In-state students pay $135.75 a credit hour at DTCC, meaning a three-credit-hour course costs an Amazon employee participating in Career Choice only about $20. The community college is considering offering stacking credentials through the program so that students can take multiple courses and become certificate patient care technicians, Anderson said.

Amazon is a major presence in in the Middletown job market. The warehouse employs about 3,500 people, but that number more than doubles during the peak months in the lead-up to Black Friday and Christmas, Anderson said.

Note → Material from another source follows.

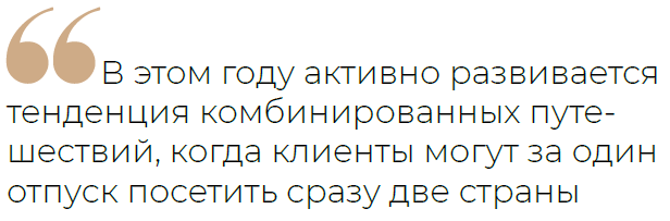 Эту тенденцию отмечают и другие представители турбизнеса. Елена Каменева также отметила появившиеся нестандартные туры, такие как посещение Таиланда и Сингапура в рамках одного отпуска. Кроме того, по её словам, многие пермяки не отказываются и от отдыха на территории региона и бронируют путёвки в местные санатории.

Despite the size of the pool of potential students, the Career Choice program hasn’t led to a major enrollment bump for DTCC -- largely because of the community college’s self-imposed class size restrictions. The largest course seats only 18. The partnership has enrolled 74 total employees, all of them adult learners with varying degrees of experience with higher education -- some of whom started and stopped out, others for whom Career Choice is their first time entering college.

Anderson said the community college is satisfied with the partnership, and that it views Amazon as an important partner when it comes to building programs that teach the skills companies in the state are looking for in new hires.

“It is part of our mission to offer relevant training for our industry partners,” Anderson said. “Being the only community college in Delaware puts us in a unique position where we can talk directly to our partners and they can help us inform our training development. Amazon fits right into that very nicely.”